Happy 7th Birthday Blog!

No, I’m not seven years old (even though I may act like it sometimes)…but this blog is! My first blog post was on the 11th November 2008 – a rather philosophical post entitled Wisdom and Knowledge – and so on this anniversary I thought I’d look at my blog over the years, the number of visits I’ve got, my most popular posts, and so on.

The earliest snapshot of my website available at is shown below, with my second ever post on the home page (an article that was later republished in the Headington School magazine).

Screen Shot 2015-10-29 at 13.41.49


Unfortunately it’s a little difficult to look at statistics across the whole of this blog’s life – as I used to use Piwik for website analytics, but switched to Google Analytics part-way through 2014 (when Piwik just got too slow to use effectively). Cleverly, I didn’t export my Piwik data first – so I can’t look at any statistics prior to 2014.

However, I can say that since August 2014, around 240,000 people have viewed my blog, with around 300,000 individual page views – a fairly impressive total, averaging at around 15,000-20,000 visitors per month, but increasing in recent months to around 25,000 per month.

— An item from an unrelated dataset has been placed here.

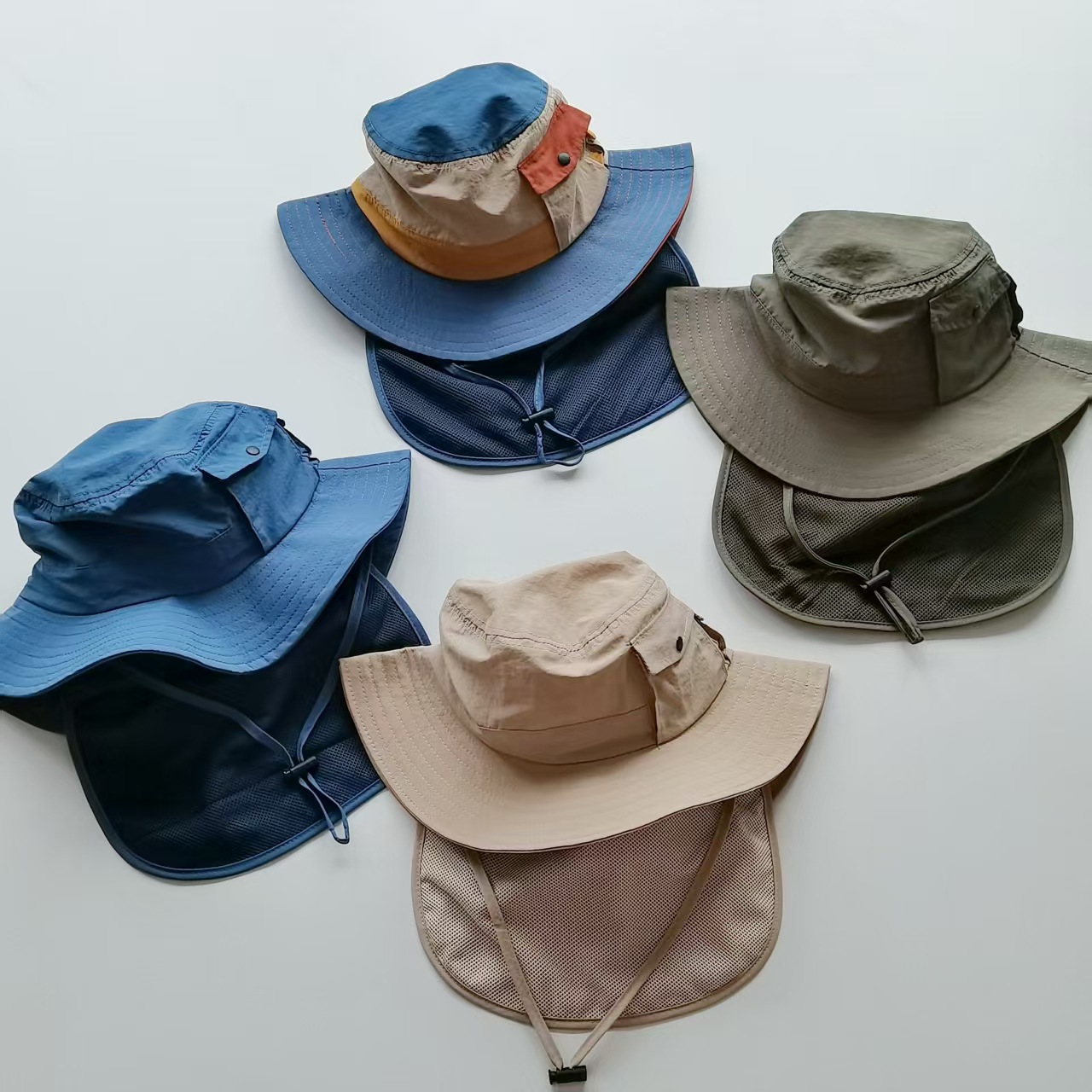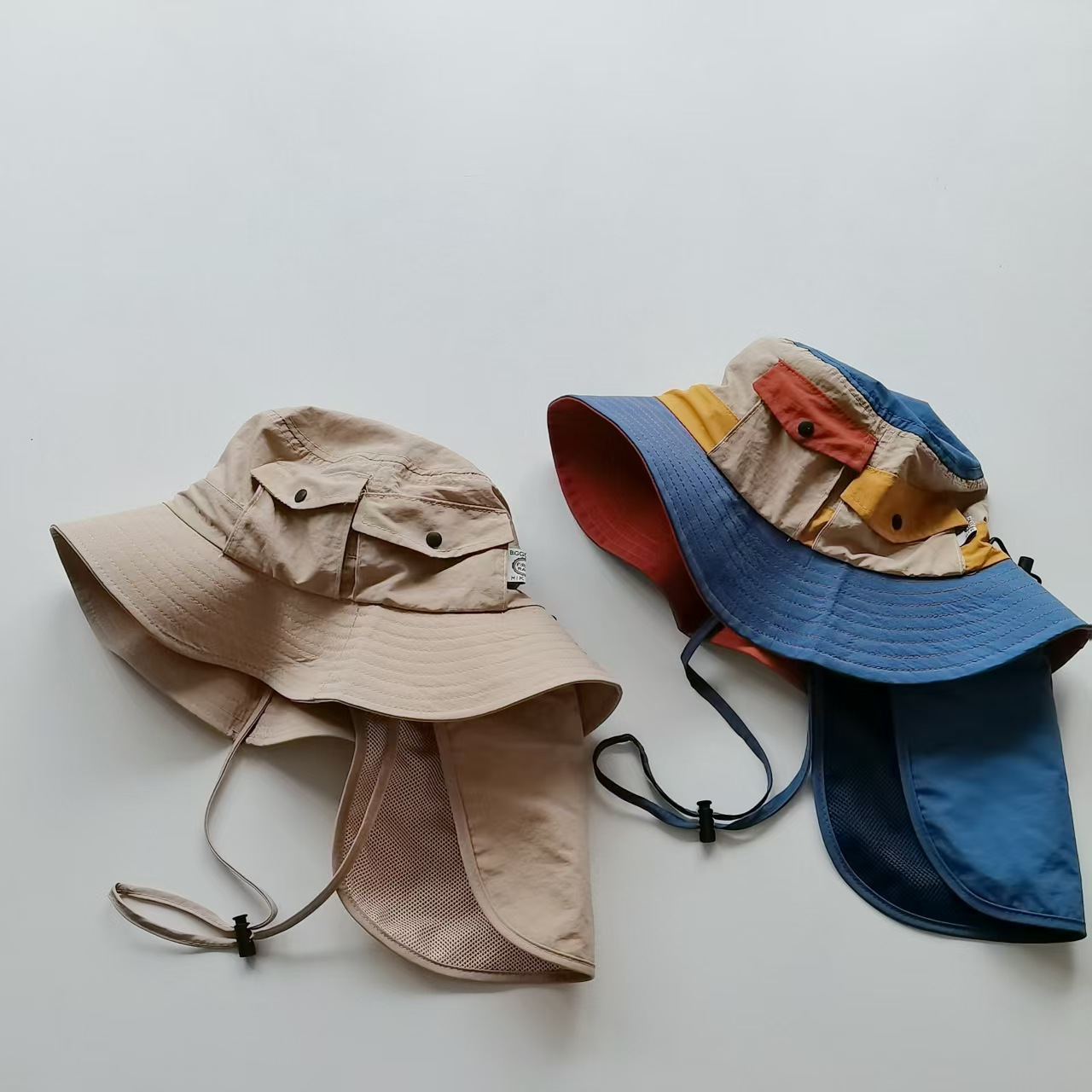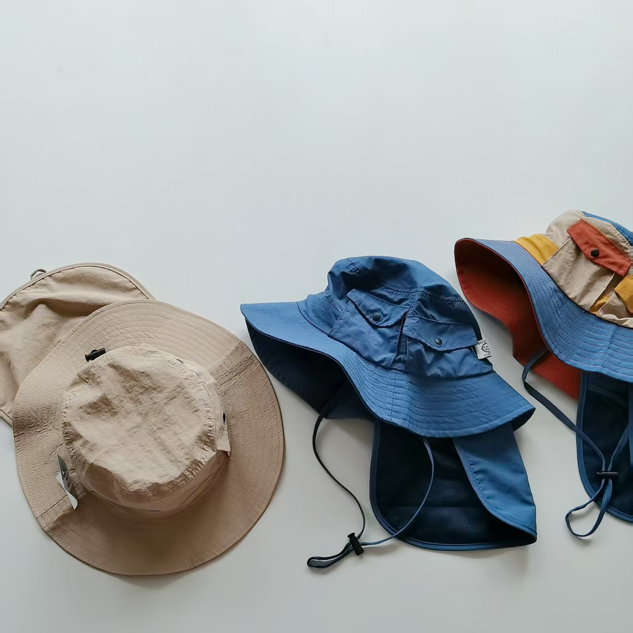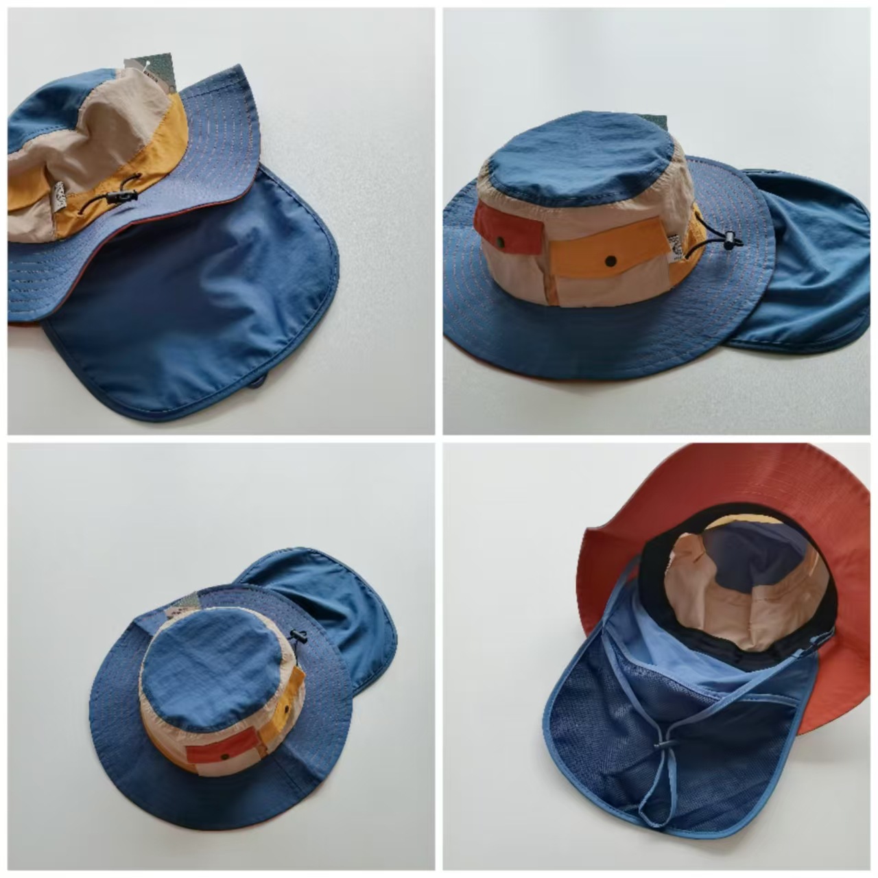 안티 자외선 어부 모자 부모-어린이 스타일은 가방 목도리 분지 모자 여름 새로운 어린이의 얇은 선 스크린 모자로 받아 들일 수 있습니다스토어 가기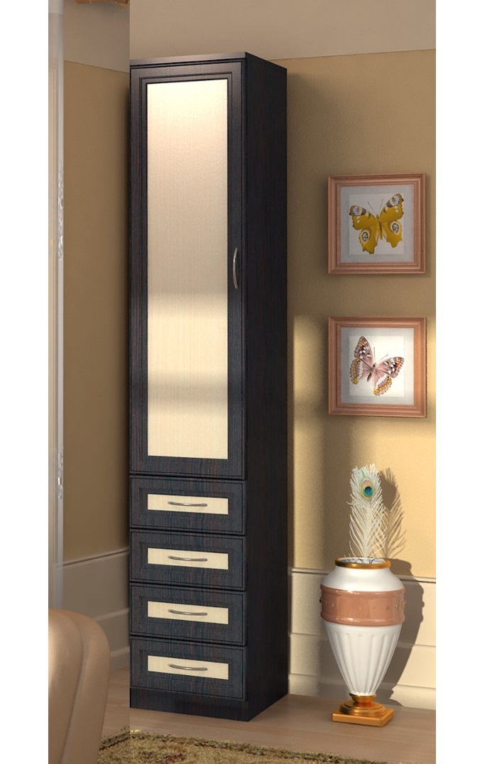 Es gibt auch sehr schöne und komfortable Schränke mit Spiegel und anderen Zusatzelementen zu verkaufen. Die Größe und Struktur solcher Möbel variiert ebenfalls. Käufer können zwischen schmalen und breiteren Optionen wählen. Die Wahl des perfekten Designs hängt vom Grundriss und der Quadratur des Schlafzimmers ab.

Screen Shot 2015-10-29 at 11.16.43

There’s a very noticeable pattern in page views, with significantly fewer views at weekends – probably reflecting the work-like nature of my blog.

Screen Shot 2015-10-29 at 11.16.50

The vast majority of these views come from so-called ‘organic searches’ – basically just people searching online for something. The referrals I get tend to be either from social networks (mainly Twitter, but sometimes Facebook too), or from ‘blog aggregators’ that some of my posts are contributed to (my R posts can be found on R Bloggers and my Python posts on Planet Python).

Most popular posts

So, what are these people coming to read? Well, a lot of them are coming to find out how to fix a network printer suddenly showing as offline in Windows – in fact, 51% of all of my page views have been for that post! It’s actually become quite popular – being linked from Microsoft support pages, Microsoft TechNet forums, SpiceWorks forums and more.

My second most popular post is also a how to post – in this case, how to solve Ctrl-Space autocomplete not working in Eclipse (10% of page views), and my third most popular ‘post’ is actually the second page of comments for the network printer post…obviously people are very keen to fix their network printers!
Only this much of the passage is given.